Selena mendelik, memelototi Lucas. “Bisakah kau keluar sekarang? Kepalaku pusing! Aku ingin istirahat sekarang,” ucap Selena bohong.
“Tidak. Aku tidak akan pergi. Aku akan menjagamu sekalipun kau tidur. Itu kewajibanku”
Selena bangkit, tanpa banyak bicara langsung diseretnya tubuh Lucas. “Keluar dari kamarku!”
Lucas tak bergerak sedikit pun dari duduknya. Pemuda itu justru menguap dan memandangi Selena. “Coba saja kalau kau bisa membuatku keluar.”
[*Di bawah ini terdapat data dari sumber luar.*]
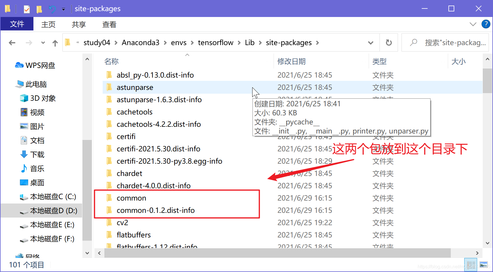 直接在cmd下安装或者无论进入一级目录下( pip install 安装包)安装都没用,它都不会安在你所在的目录下,因为它只会安装在pip默认的安装目录下
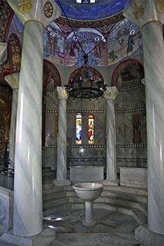 Paul spread the good news in Philippi and baptised his first convert, a business woman named Lydia, in the Gangites River just outside the city (Acts 16:14-15). The Baptistry of St. Lydia, located near the river, commemorates the event. Inside, I was overwhelmed by the colourful icons and mosaics on the walls, arches and ceiling depicting scenes from the life of St. Paul. At the center of the octagonal interior, right under the dome, is a whitish gray baptismal font used for infant baptisms (adults are baptised in the river).
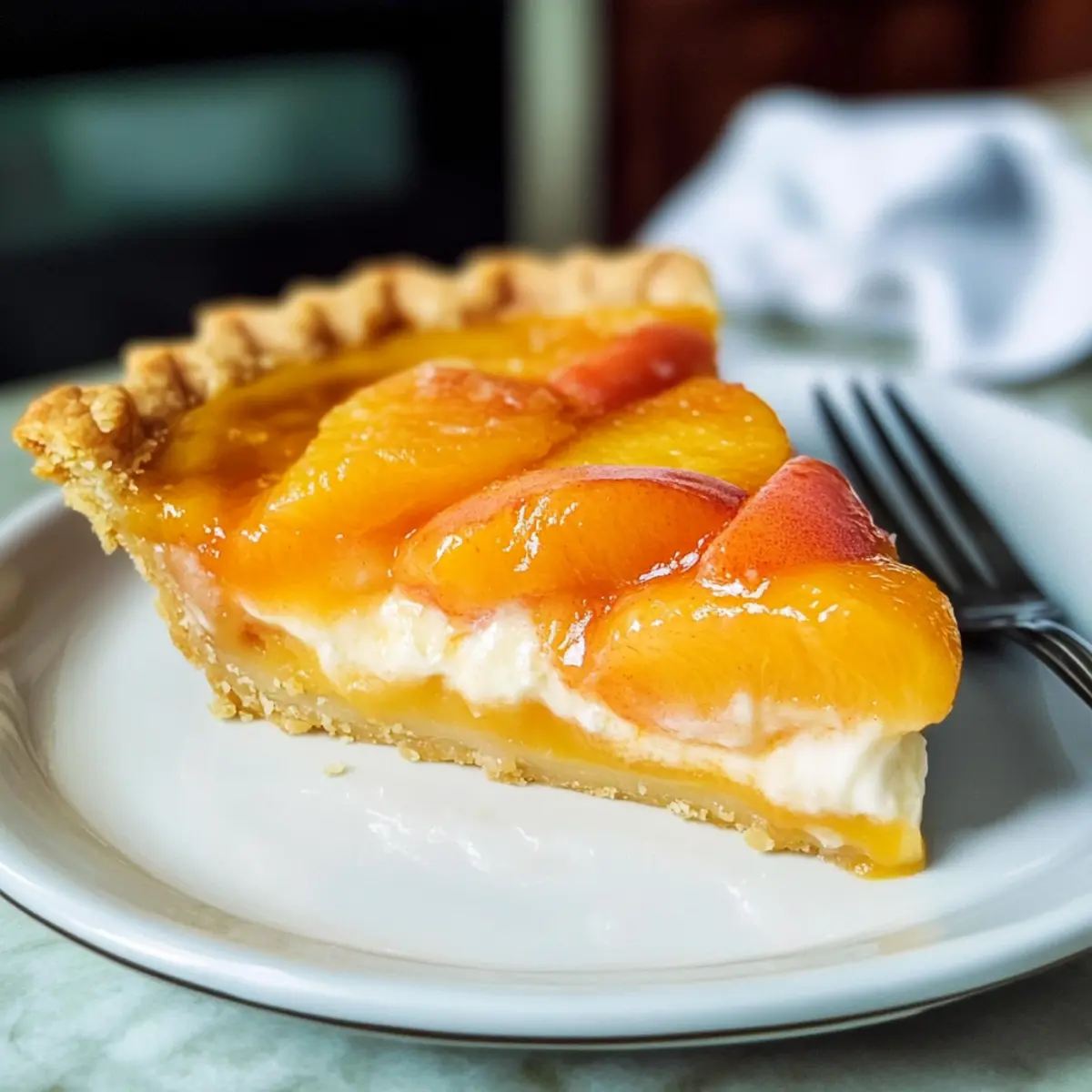 Käsekuchen mit Pfirsichdecke: Kombinieren Sie Ihren Pie mit einem Stück Käsekuchen, der mit einer Pfirsichschicht verfeinert ist, um einen doppelten Genuss zu erleben.

“Kau ....” Telunjuk Selena yang teracung pada Lucas pun luruh. “Terserahlah!” Gadis itu langsung mendekati kasurnya dan membaringkan tubuhnya memunggungi Lucas. “Sial! Kenapa bertambah lagi manusia menyebalkan sepertinya sih? Aku ‘kan jadi tidak bisa menyusun rencana kalau begini,” batinnya merutuk, tangan kirinya terus memukuli kasur karena masih kesal. Wajahnya bertekuk, dengan kerutan kening yang semakin dalam.
Karena kedongkolannya, justru membuat Selena benar-benar terlelap.
Hingga setelah beberapa waktu, mata Selena perlahan mengerjap, didapatinya ruangan yang sudah agak gelap. Pertanda hampir petang. “Lynne,” panggil Selena dengan suara khas bangun tidur―masih dalam posisi terbaring. Detik berikutnya, ia menguap dan menutupi mulutnya dengan punggung tangan kanan. “Lynne,” panggilnya lagi karena wanita itu tak kunjung muncul. “Aku ingin mandi, tubuhku sangat lengket.”
Selena bangkit dengan mata setengah terpejam, tubuhnya terasa sangat lengket karena kringat yang dihasilkan seharian ini sekaligus tidur. Selena pun menarik tali punggung gaunnya dan membiarkannya hampir melorot. Sampai ....
“Jangan salahkan aku kalau sesuatu terjadi begitu gaun itu benar-benar terlepas dari tubuhmu.”
Selena tersentak, lantas menahan gaunnya yang sudah menampilkan setengah penutup dadanya. Sejurus kemudian berbalik dan memelototi pemilik suara itu. “K-kau!” Wajahnya merah padam, antara malu dan marah. “Keluar!”
“Kenapa aku harus keluar? Suatu kehormatan aku bisa membantu memandikanmu,” goda Lucas, dengan seringaian.
“Sialan! Kenapa aku bisa lupa kalau manusia ini masih di sini?” batin Selena memaki. Dengan kecepatan super, Selena membenahi gaunnya lalu menatap Lucas dengan tatapan membunuh.
Kaki jenjang gadis itu pun melangkah cepat, mendekati Lucas dan menarik tangannya.
Lucas hanya menurut ketika Selena menariknya. “Hei, santai, Putri.”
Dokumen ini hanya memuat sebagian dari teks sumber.